Its a fine recording as well, beautifully captured in the wide open spaces of All Hallows church in Gospel Oak in North London. ..."
"Tallis’s 40-part motet Spem in alium, whatever the occasion for which it was written, is a work that astonishes afresh whenever one hears it. There have been a number of remarkable recordings of the work (those by The Clerkes of Oxenford, The Tallis Scholars, Pro Cantione Antiqua and Magnificat come to mind), and this new version by Chapelle du Roi must join them.
Not only does Alistair Dixon shape the music beautifully, but he has a first-rate team of singers who respond to the music’s every nuance. This opinion is only confirmed by the coupling of the work with its English-texted contrafactum, Sing and glorify, probably written for the royal coronations in 1610 and 1616, of Henry and Charles respectively.

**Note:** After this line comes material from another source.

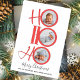 Dieses Design verfügt über eine skurrile niedliche, moderne, einfache niedliche Drehbuch,4 vier Foto-Collagen, minimalistische hospho Santa Typografie, ho ho ho fröhliche Weihnachten, saubere trendige rot und grün, minimale Kreis Foto Multi-Collage, moderne elegante, moderne Kalligraphie Skript-Schriftart, einfache und minimale whimsical Stil, Santa laugh Zitat Sprichwort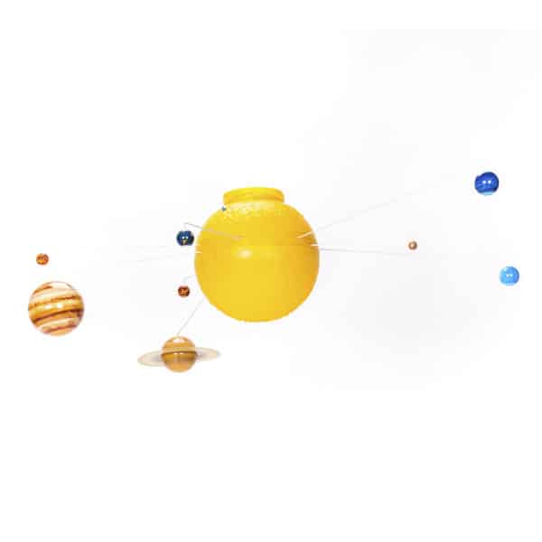 Dirigido por un control remoto, los planetas rotan según 3 orbitas diferentes alrededor del sol.

Anyone who believes the vocal counterpoint of this period to be essentially abstract should be immediately disabused of this idea on hearing Sing and glorify. While Chapelle du Roi make an excellent case for it, there is no disguising the conflict between Tallis’s music and the vocal colours of the English text. It’s a useful and clever re-working of an amazing piece, but it does great damage to the original, and for precisely that reason, we should be very grateful to Chapelle du Roi for recording the two versions side by side, thus making such a direct comparison possible.
While the cover of the disc is outstandingly horrible, the notes and recording quality are of as high a quality as the singing itself. Recommended."